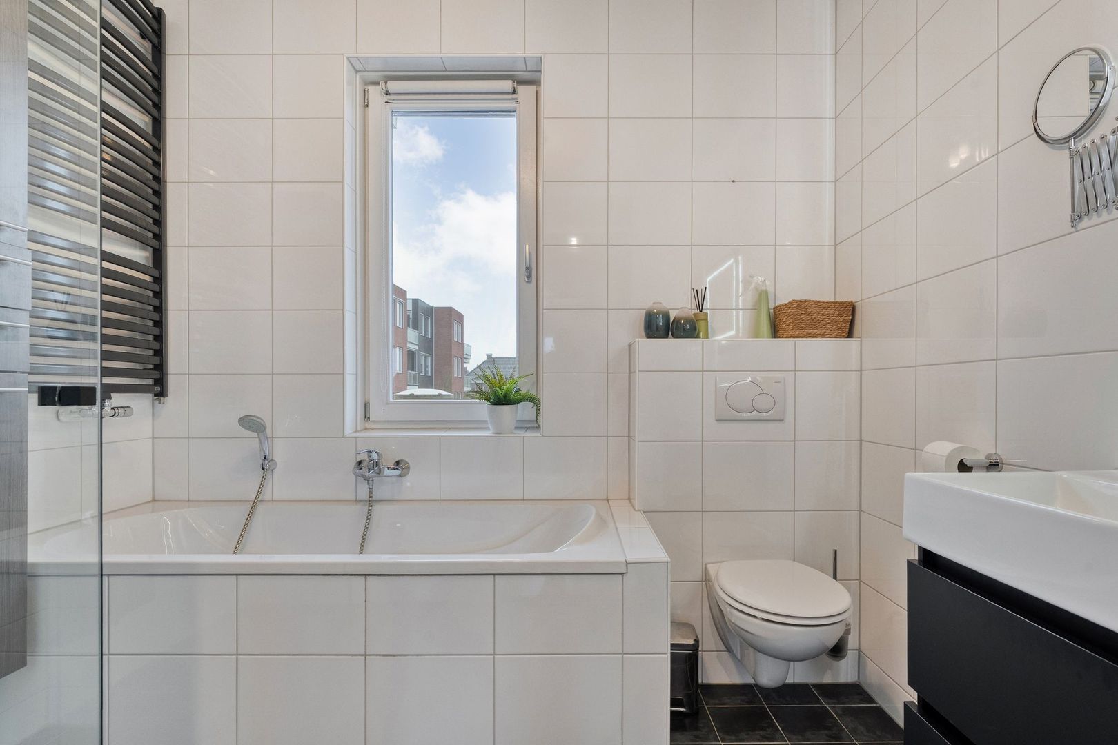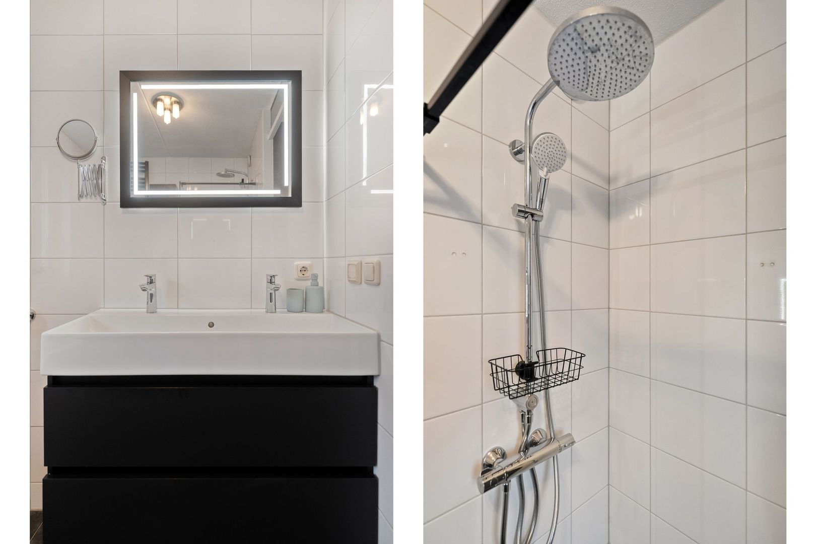 De badkamer, die begin 2023 deels is vernieuwd, is modern en compleet ingericht. De ruimte beschikt over een ligbad, inloopdouche, hangtoilet, designradiator en een wastafelmeubel met dubbele kraan. Een praktische én comfortabele badkamer die helemaal klaar is voor jarenlang gebruik.
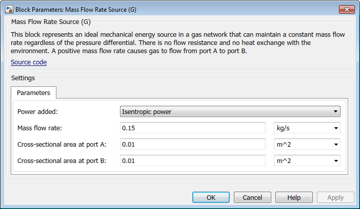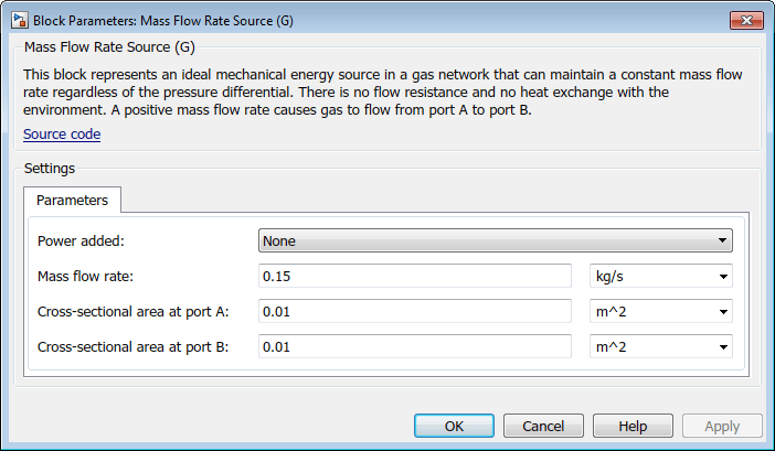 Причиной повышения температуры является то, что источник должен выполнять работу, поднимать давление и приводить в движение желаемый расход через систему, которая добавляет энергию газу. Таким образом, источник может рассматриваться как идеализированный компрессор или насос. Однако наше намерение состоит только в том, чтобы указать граничное состояние выше по потоку 400 К и 0,15 кг/с, независимо от того, имеется ли компрессор выше по потоку или нет. Поэтому в диалоговом окне Источник массового расхода (G) переключите добавленный параметр мощности на None.
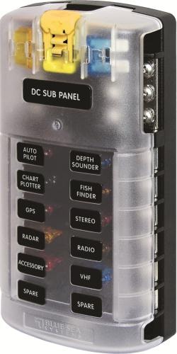 QitinDasen Premium bil 8-vägs säkringshållare, universal standardblad säkringsbox, säkringsblock med lock, 10 st standard plattsäkring, för bil båt Marine Trike (12 V/24 V)
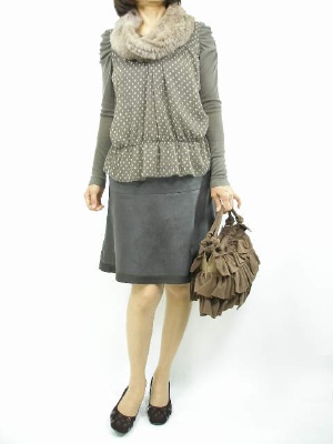 ブラウン系でまとめたスタイルも今年のトレンドです。ファーを使うと華やかに!エレガンス度70%、フェミニン度30%。
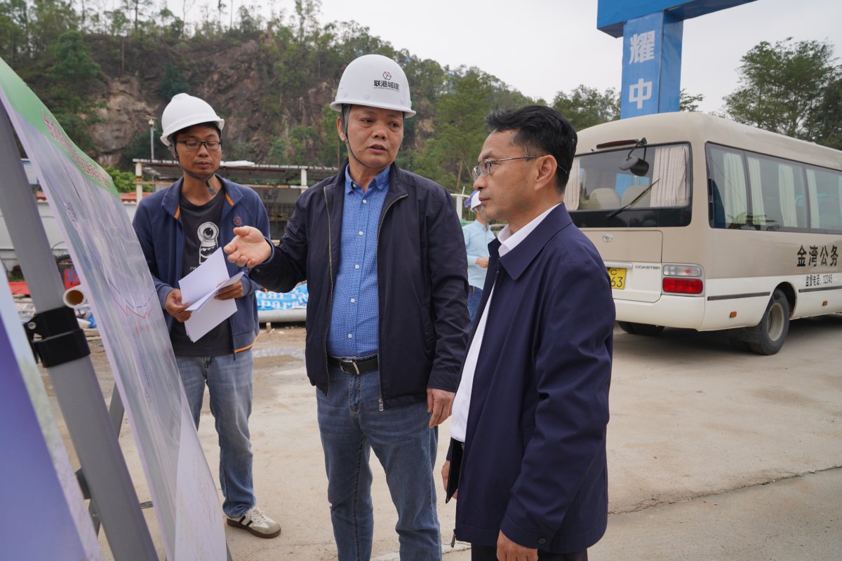 随后,调研组前往金河东路与金湾路交叉口。此处正在新建一座人行天桥,旨在缓解金湾区规划展览馆周边的交通拥堵,保障行人过街安全。该天桥设计为折线形,桥长96米,宽4.7米,目前基础施工已展开,预计于2025年12月底基本完工,届时将显著提升该路段的通行安全与效率。
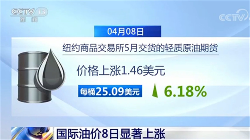 到当天收盘,纽约商品交易所5月交货的轻质原油期货价格继续上涨1.46美元,收于每桶25.09美元,涨幅为6.18%。6月交货的伦敦布伦特原油期货价格继续上涨0.97美元,收于每桶32.84美元,涨幅为3.04%。
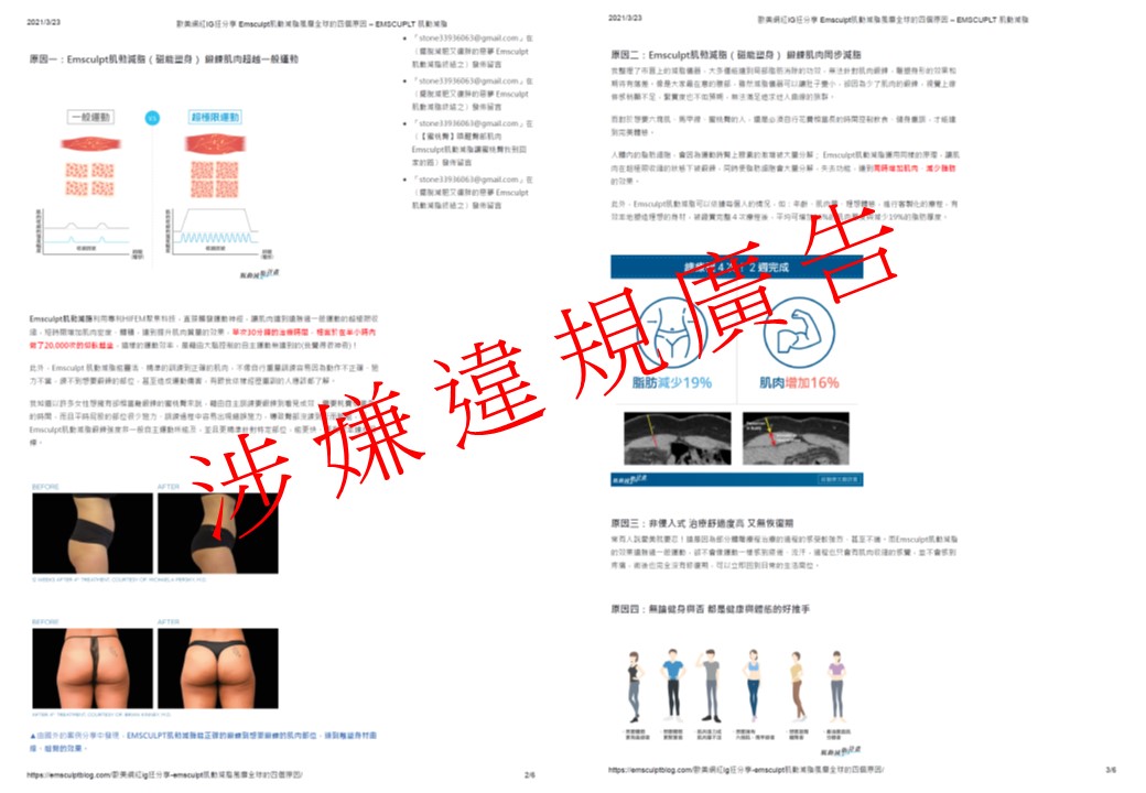 | 涉嫌違規宣稱詞句 | …減脂…增加肌肉,同時減少脂肪的Emsculpt肌動減脂…肌動減脂…磁能塑身…達到雕塑身材曲線、翹臀的效果…總療程4次…2週完成…脂肪減少19%...肌肉增加16%...肌肉量不足…提臀翹臀者… |
======
» **Your task**
Looking at the listing above, which lines run from the one containing "随后,调研组前往金河东路与金" through the one containing "到当天收盘,纽约商品交易所5"? Print exactly those, ends included, pictures excluded.

» **Output of the exercise**
 随后,调研组前往金河东路与金湾路交叉口。此处正在新建一座人行天桥,旨在缓解金湾区规划展览馆周边的交通拥堵,保障行人过街安全。该天桥设计为折线形,桥长96米,宽4.7米,目前基础施工已展开,预计于2025年12月底基本完工,届时将显著提升该路段的通行安全与效率。
 到当天收盘,纽约商品交易所5月交货的轻质原油期货价格继续上涨1.46美元,收于每桶25.09美元,涨幅为6.18%。6月交货的伦敦布伦特原油期货价格继续上涨0.97美元,收于每桶32.84美元,涨幅为3.04%。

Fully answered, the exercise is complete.